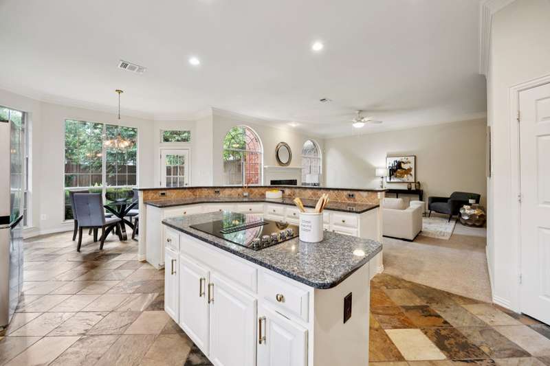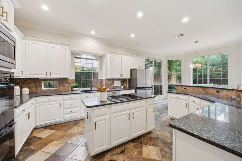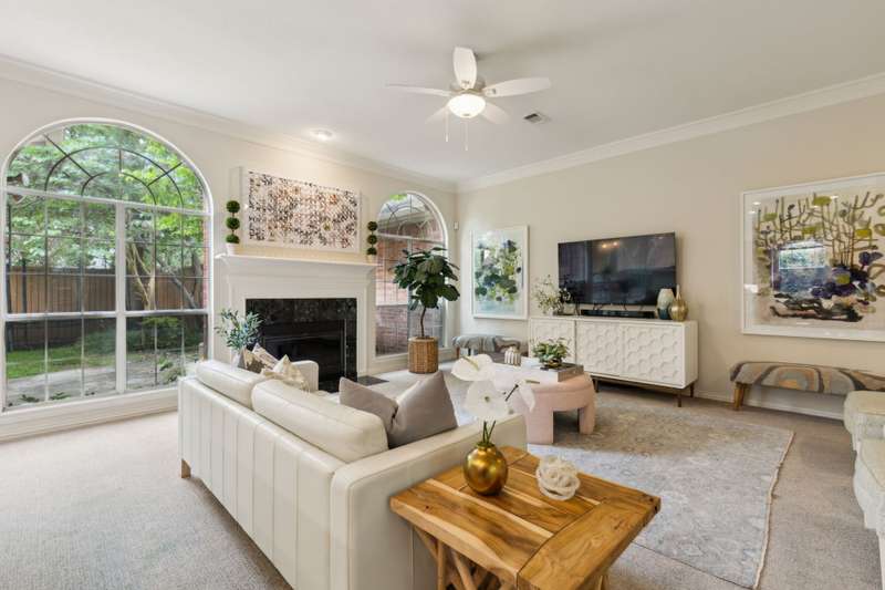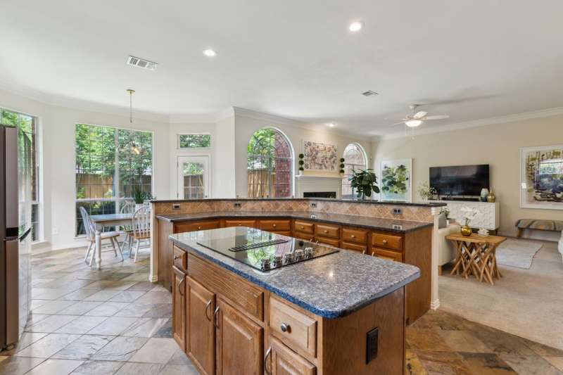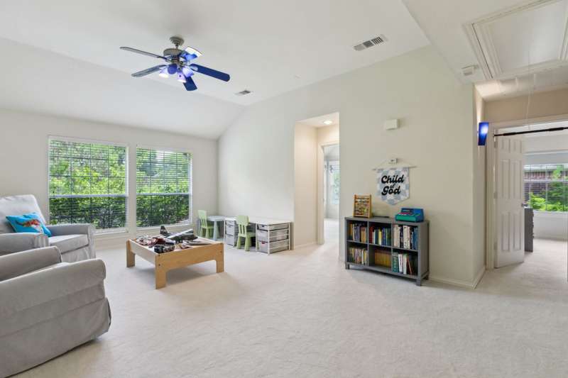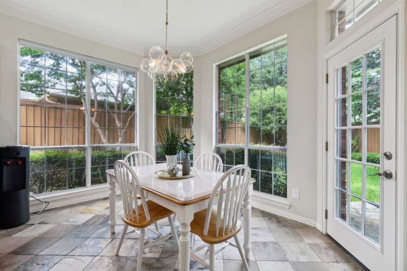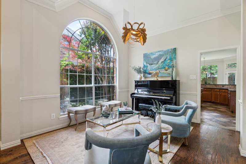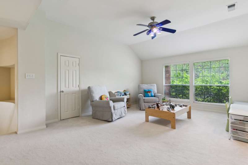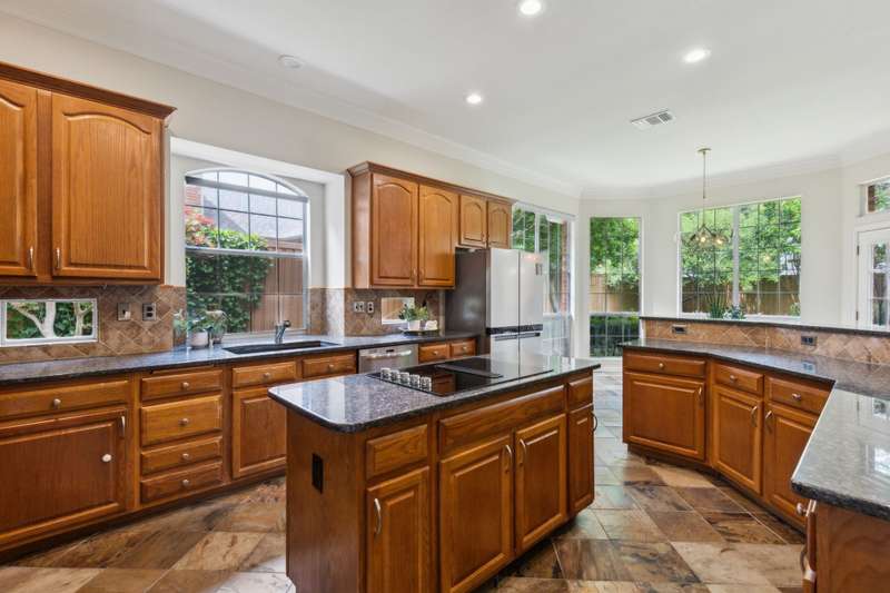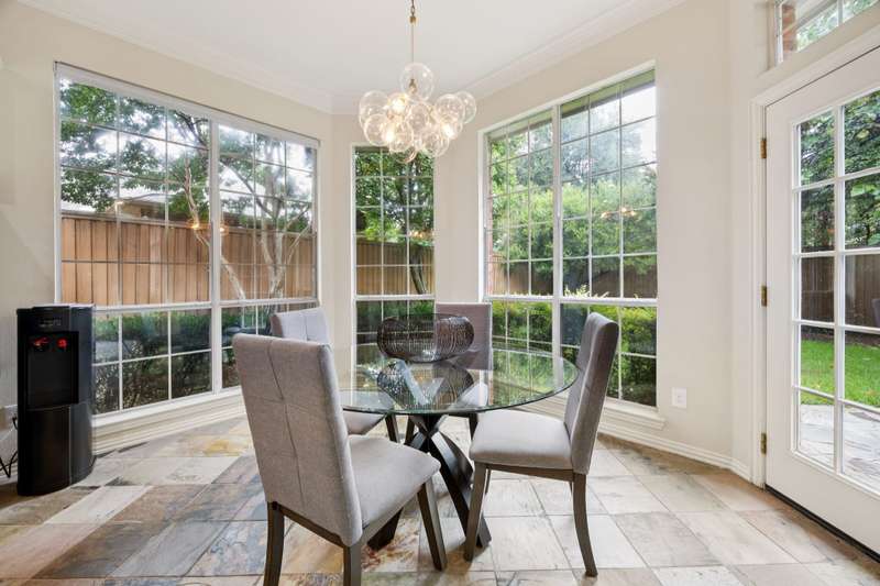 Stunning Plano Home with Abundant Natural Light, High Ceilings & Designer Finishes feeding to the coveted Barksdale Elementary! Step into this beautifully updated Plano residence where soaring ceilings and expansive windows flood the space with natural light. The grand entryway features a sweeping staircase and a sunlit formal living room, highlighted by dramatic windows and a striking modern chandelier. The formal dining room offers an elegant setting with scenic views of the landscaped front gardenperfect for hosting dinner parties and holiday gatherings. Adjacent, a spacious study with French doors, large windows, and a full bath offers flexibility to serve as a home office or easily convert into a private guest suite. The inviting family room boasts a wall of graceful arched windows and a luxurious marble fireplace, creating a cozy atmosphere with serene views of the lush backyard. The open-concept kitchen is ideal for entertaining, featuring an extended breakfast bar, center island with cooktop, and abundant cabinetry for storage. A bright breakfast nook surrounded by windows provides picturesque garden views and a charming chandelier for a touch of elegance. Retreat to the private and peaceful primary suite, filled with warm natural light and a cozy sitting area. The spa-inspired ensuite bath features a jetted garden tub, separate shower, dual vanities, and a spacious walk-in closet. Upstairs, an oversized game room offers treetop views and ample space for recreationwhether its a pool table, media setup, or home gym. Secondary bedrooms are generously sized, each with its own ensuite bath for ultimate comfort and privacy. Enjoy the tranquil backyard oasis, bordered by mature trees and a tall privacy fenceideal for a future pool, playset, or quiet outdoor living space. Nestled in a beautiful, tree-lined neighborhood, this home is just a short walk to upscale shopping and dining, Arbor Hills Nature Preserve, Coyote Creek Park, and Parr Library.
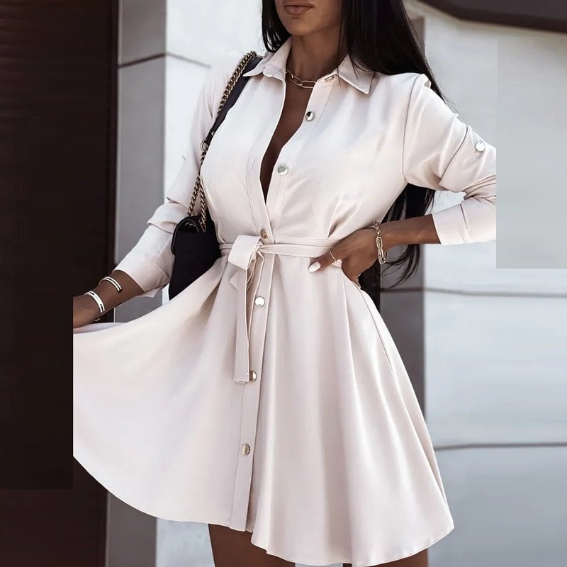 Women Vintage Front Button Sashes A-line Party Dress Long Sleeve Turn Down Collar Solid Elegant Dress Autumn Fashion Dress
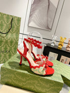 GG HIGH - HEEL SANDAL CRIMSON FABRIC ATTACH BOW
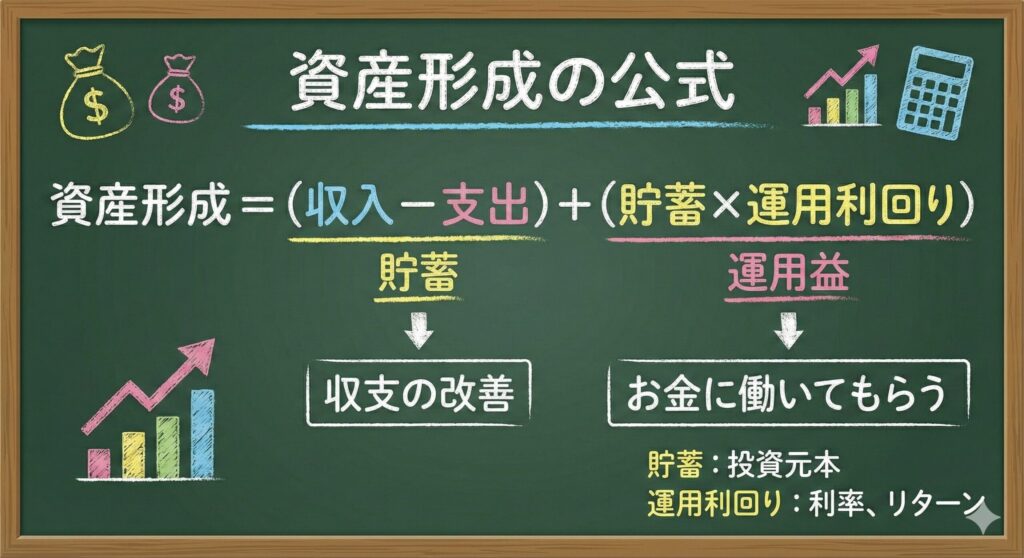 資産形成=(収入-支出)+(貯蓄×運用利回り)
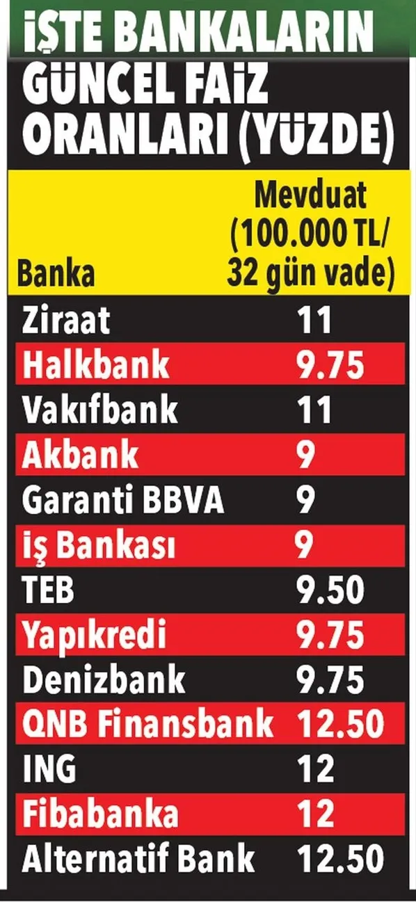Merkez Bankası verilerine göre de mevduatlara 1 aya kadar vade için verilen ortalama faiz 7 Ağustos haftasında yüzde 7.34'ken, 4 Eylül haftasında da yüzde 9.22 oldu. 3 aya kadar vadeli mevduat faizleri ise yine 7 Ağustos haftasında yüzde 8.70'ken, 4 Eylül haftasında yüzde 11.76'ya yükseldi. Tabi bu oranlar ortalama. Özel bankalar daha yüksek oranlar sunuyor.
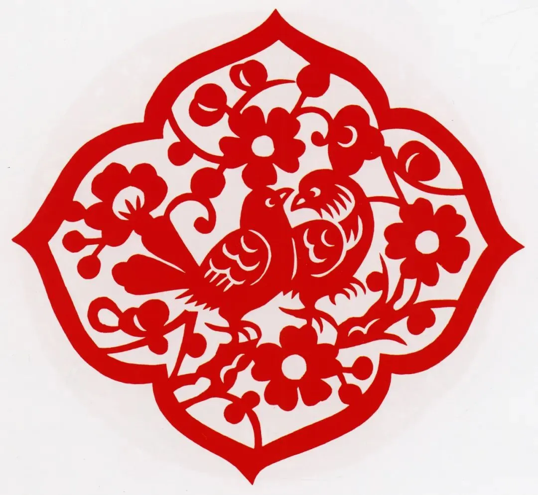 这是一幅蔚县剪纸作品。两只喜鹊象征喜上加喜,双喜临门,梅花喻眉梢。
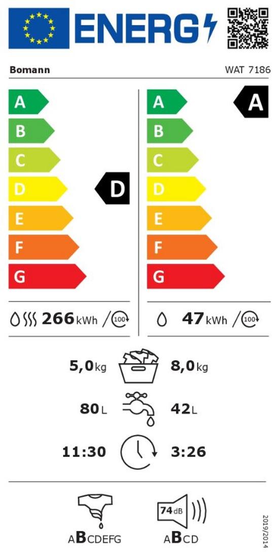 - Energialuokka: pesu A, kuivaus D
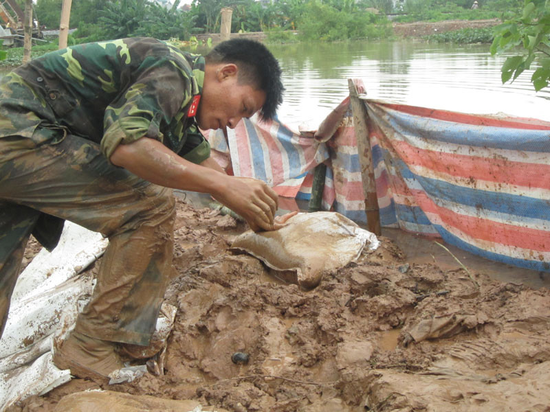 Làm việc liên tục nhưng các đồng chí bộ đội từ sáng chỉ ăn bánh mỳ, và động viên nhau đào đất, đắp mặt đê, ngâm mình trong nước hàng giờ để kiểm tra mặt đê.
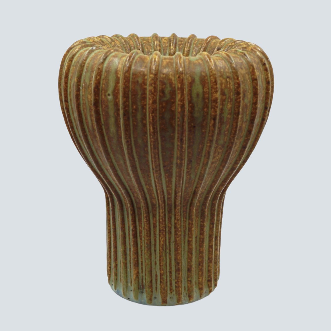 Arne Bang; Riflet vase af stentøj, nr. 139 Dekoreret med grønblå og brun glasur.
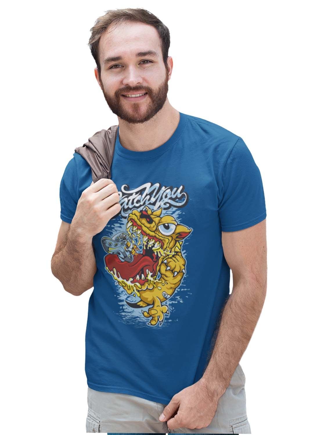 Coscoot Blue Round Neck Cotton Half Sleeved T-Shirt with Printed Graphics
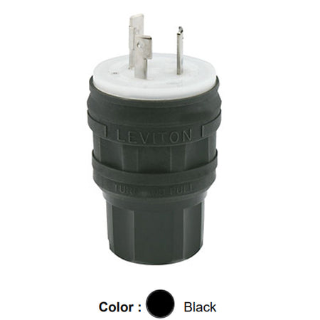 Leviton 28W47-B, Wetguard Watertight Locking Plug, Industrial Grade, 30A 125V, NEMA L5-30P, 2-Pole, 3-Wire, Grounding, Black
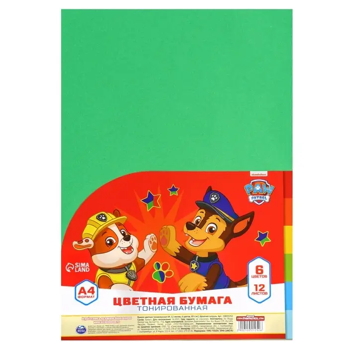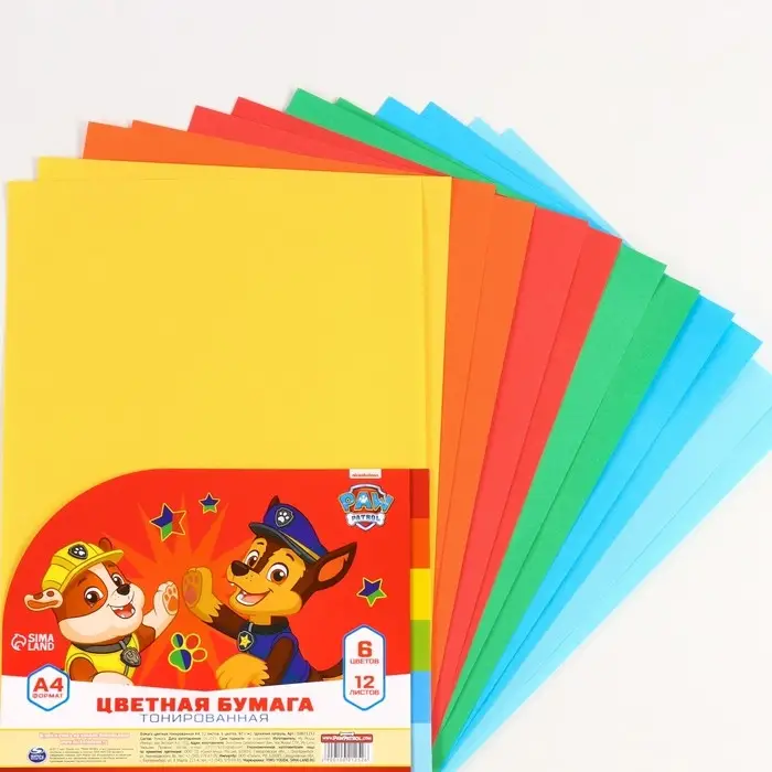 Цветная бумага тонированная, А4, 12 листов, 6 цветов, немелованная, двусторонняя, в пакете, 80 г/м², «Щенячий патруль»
§ §
◆ Task instructions
Up to and including the last line of the listing, starting at the line with "Leviton 28W47-B, Wetguard", extract every line exactly and leave out the pictures.

◆ Response for this exercise
 Leviton 28W47-B, Wetguard Watertight Locking Plug, Industrial Grade, 30A 125V, NEMA L5-30P, 2-Pole, 3-Wire, Grounding, Black
 Цветная бумага тонированная, А4, 12 листов, 6 цветов, немелованная, двусторонняя, в пакете, 80 г/м², «Щенячий патруль»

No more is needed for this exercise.